Regarding the “laziness” of the Twin Falls Street Department, do you really think you can size up a situation with a glance out the car window and determine that the street crew is “just standing around?”

Consider, when street crew workers are “doing nothing,” they might be taking one of the two 15-minute breaks or the 20-minute lunch they are allowed during their 10-hour work day of shoveling 280-plus degree asphalt, clearing storm drains, sealing cracks in a deteriorating road or plowing snow at 3 a.m. on Christmas morning. When a crew member is standing and looking into a hole while talking on a cell phone, he is likely talking to the city engineer about the appearance of a big pipe where the map says there shouldn’t be one. The guys “standing around doing nothing” are waiting for another load of something en route from somewhere delayed by an accident on the other side of town — the debris from which one or two of them will have to go clean up. Or they are resting from the back-breaking labor their detractors don’t do to avoid injury, which would cost the city a workmen’s comp claim. The guy in the street sweeper, parked and talking on the cell phone, is talking to the crew’s supervisor, who got a call from police dispatch telling him somebody dropped a bag of trash in the street, which he has to pick up before there is an accident, which would initiate a lawsuit against the city and a scathing article in the Times-News about the ineptitude of the street department.

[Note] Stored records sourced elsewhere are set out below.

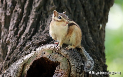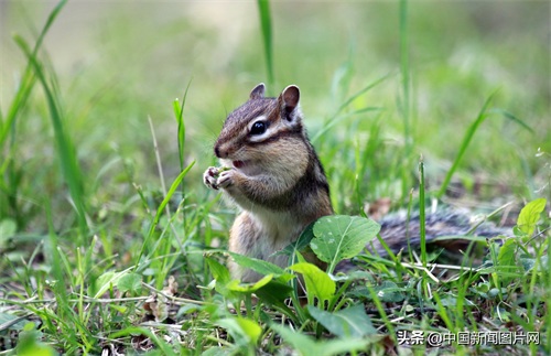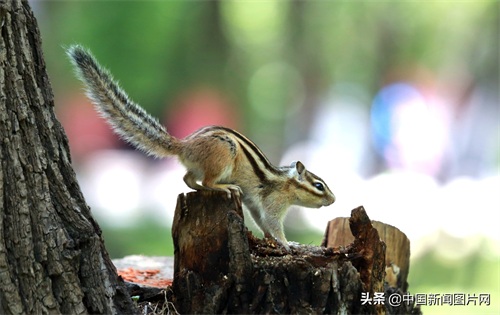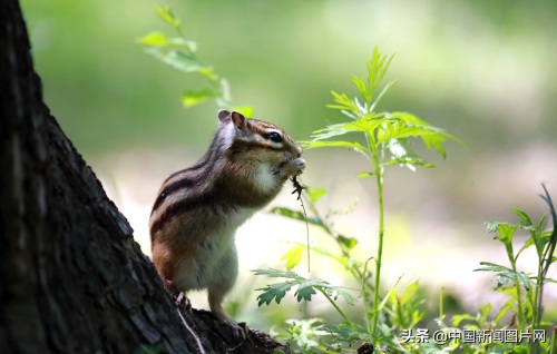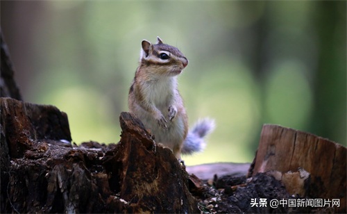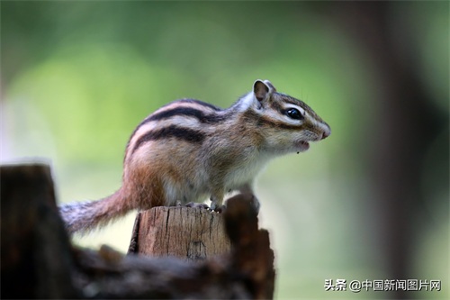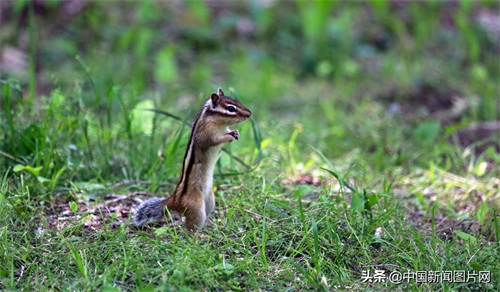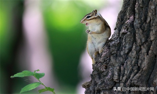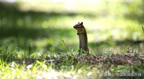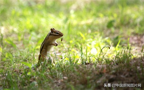 2021年5月31日,辽宁沈阳北陵公园里,野生花栗鼠在草地和树上窜来窜去寻找食物,萌态十足。中新社发 黄金昆 摄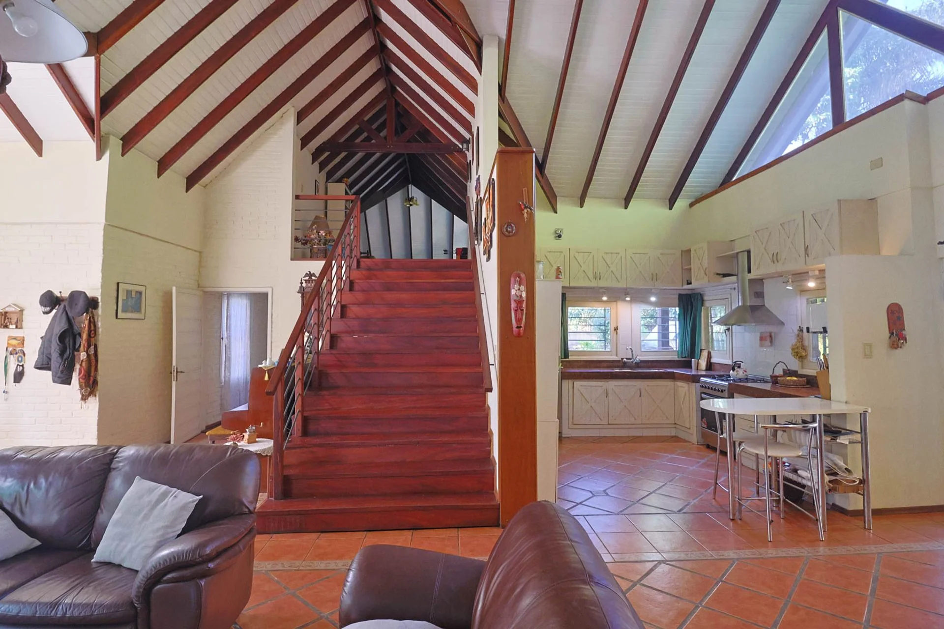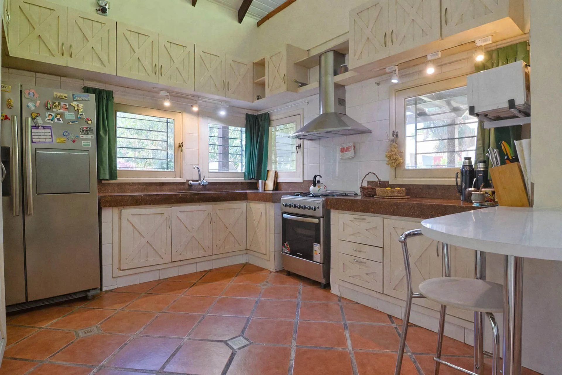 Casa tipo chalet desarrollada en dos niveles. El acceso principal conduce a un amplio living–comedor con estufa a leña, integrado a la cocina.
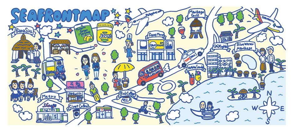セブ島の英会話学校のイラストマップです。ローカルな乗り物だったり、食べ物だったりフィリピンの賑やかでフレンドリーな雰囲気をイラストマップで表現しました。
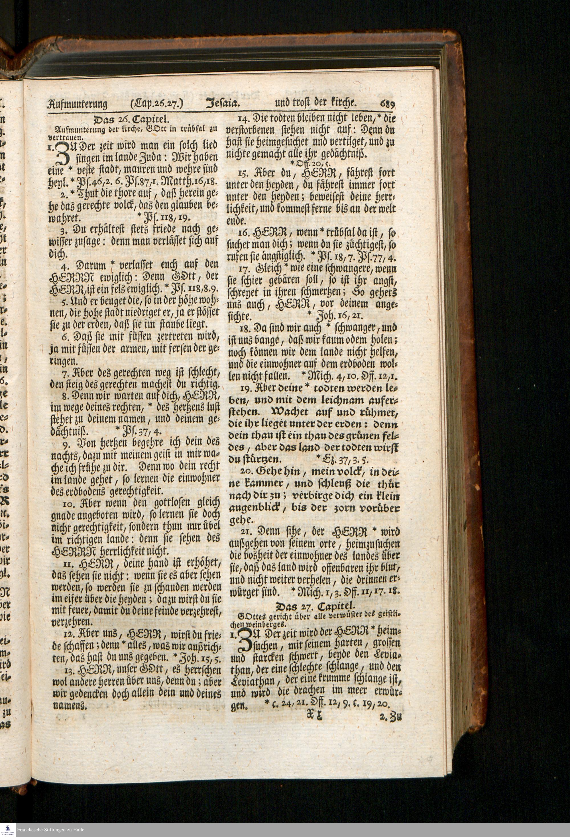 Biblia, Das ist: Die gantze Heil. Schrift Altes und Neues Testaments / Nach der Teutschen Ubersetzung D. Martin Luthers; Mit iedes Capitels kurtzen Summarien, auch beygefügten vielen und richtigen Parallelen; Mit fleiß übersehen/ und gegen einige/ sonderlich erstere/ Editiones des sel. Mannes gehalten, auch an unterschiedlichen Orten nach denselben eingerichtet, und von vielen in den bisherigen Exemplarien hin und wieder eingeschlichenen Fehlern gesaubert. Nebst einer Vorrede Herrn Baron Carl Hildebrands von Canstein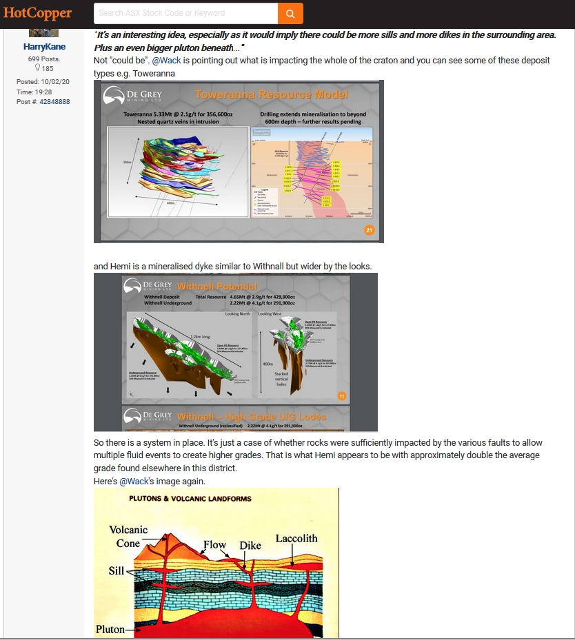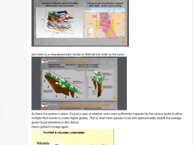Im Hotcopperforum vermutet jemand, die säulenartigen Vererzung seien Ausläufer eines Plutons. Einer sehr alten Magmablase, von der granithaltige Ausläufer in Richtung Oberfläche gepresst wurden. Conclusio: unter den zahlreichen in der Fläche verteilten Granitintrusionen,wie sie seitens der Geologen dort genannt werden, könnte ein riesiger Erzkörper in der Tiefe lagern, der der Ursprung der Einzelvorkommen ist und viiiel größer ist als selbige.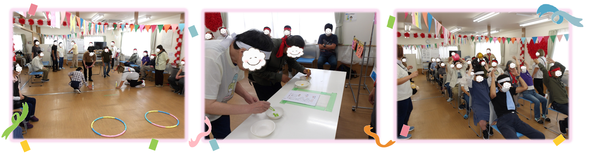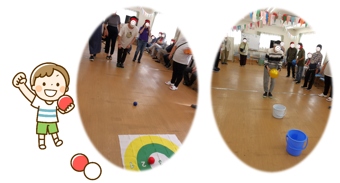 午前の競技は、①体内時計、②片足立ち競争、③ボッチャ、④バケツフリースロー、⑤サイコロ得点競争、⑥玉入れです!
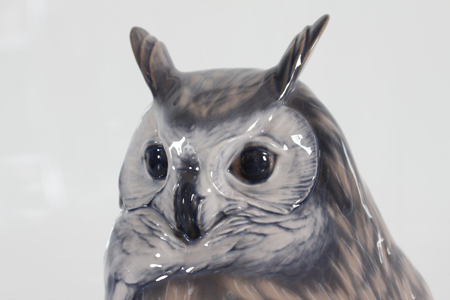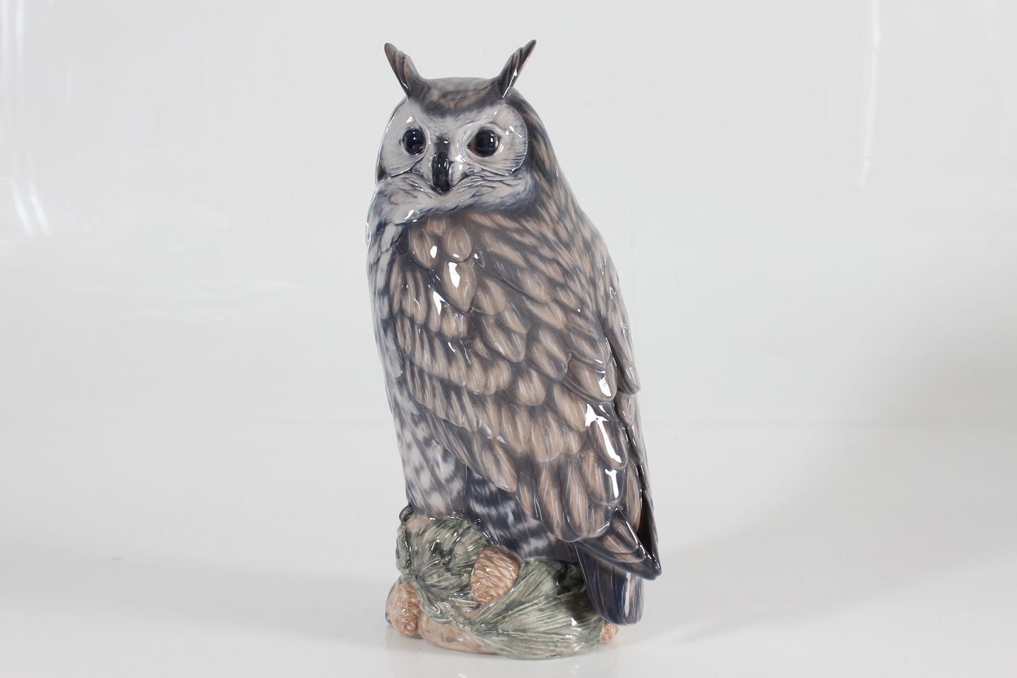 Royal Copenhagen Figurer Hornugle nr. 1331 formgjort af Peter Herold Med stempel fra perioden 1923-34 Højde 36 cm Længde 18 cm Bredde 14 cm Fin fejlfri 1. sortering
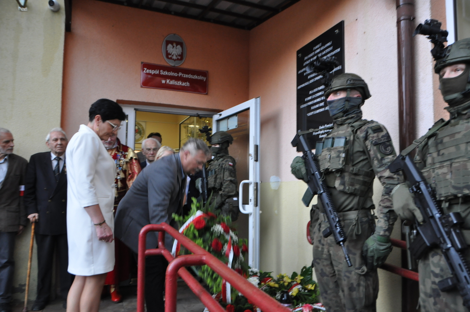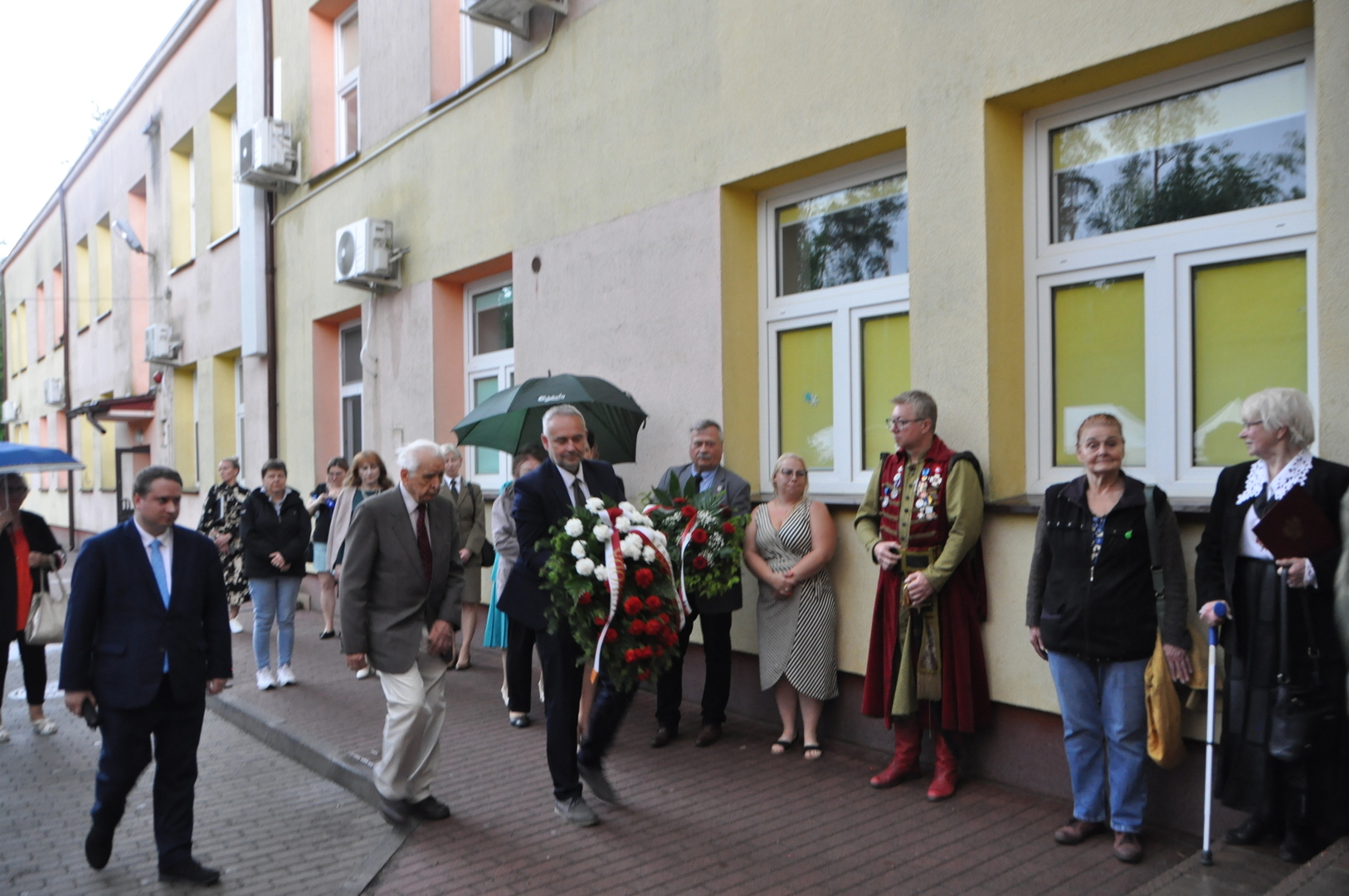 Prowadzący uroczystość p. Joanna Wczysła – Matysiuk i p. Bartłomiej Macherzyński zaprosili wszystkich zebranych do przejścia pod pamiątkową tablicę upamiętniającą wydarzenia sprzed 10 lat, gdzie minutą ciszy uczczono pamięć poległych i zmarłych żołnierzy Grupy Kampinos AK. Kombatant p. Witold Grzybowski w towarzystwie pani Dyrektor Anny Tarsały zapalił znicz miłości do Ojczyzny oraz delegacje złożyły wiązanki.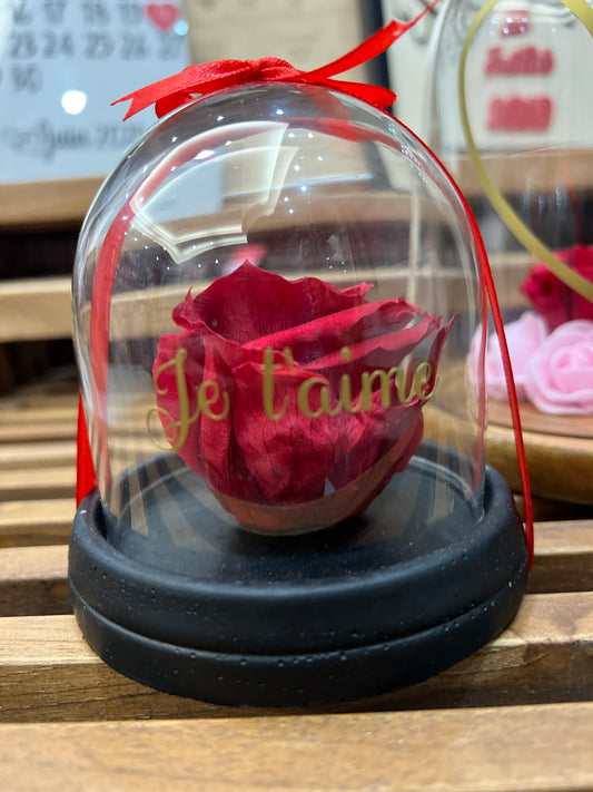 Cloche "Je t'aime" avec rose éternelle rouge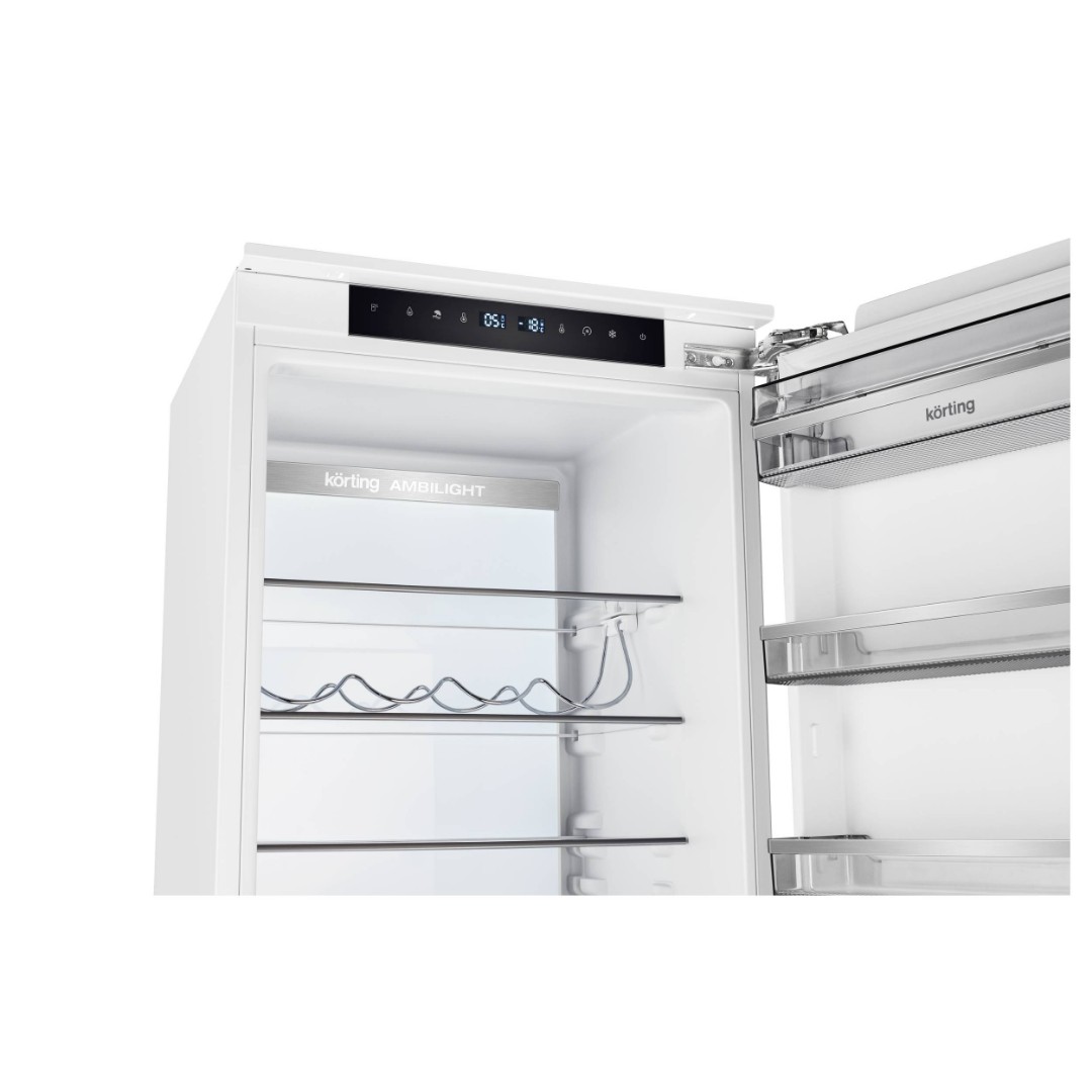 Холодильник KSI 19547 CFNFZ – современный высокотехнологичный встраиваемый бытовой прибор, оснащенный цифровым дисплеем и сенсорным управлением. Общий объем холодильника составляет 267 литров, из которых 200 литров предназначены для холодильной камеры, а 67 литров – для морозильной. Современная технология охлаждения No Frost устраняет необходимость в периодической разморозке, что значительно упрощает уход за прибором. Равномерное распределение температуры обеспечивается благодаря динамическому охлаждению: специальный вентилятор перемешивает воздух, что также способствует более быстрому охлаждению продуктов.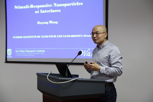 10月25日上午,南澳大利亚大学Ian Wark Research Institute 汪大洋教授来苏州纳米所进行学术交流。在A718会议室,汪大洋教授作了题为 “Stimuli-responsive Nanoparticles at Interfaces”学术报告。报告会由国际实验室靳健研究员主持,相关科研人员和学生聆听了报告。

Stop whining about these other taxpayers who, unlike you, have foregone raises for the last three years to show sensitivity to the unemployed who were losing their homes. To thank them, you want to cut their crew, which has shrunk by four employees due to attrition, so they will have to work harder for your thinly veiled attempts to run over them when they are fixing potholes in August? Remarkable.

DEBRA HOPKINS
Jerome

I have a feeling this letter is going to get some of you going, but it’s true, perception isn’t always what’s really happening. I’ve worked directly and indirectly with the folks out on the front lines and know that they’re not always just leaning on a shovel when it looks like they’re leaning on a shovel. There’s one local road crew member that I tease a lot because he uses a blue tooth so a lot of the time he will be sitting on a curb or leaning against a truck, but he’s talking to contractors, supervisors, etc. while doing this. You just can’t see because he has his bluetooth in.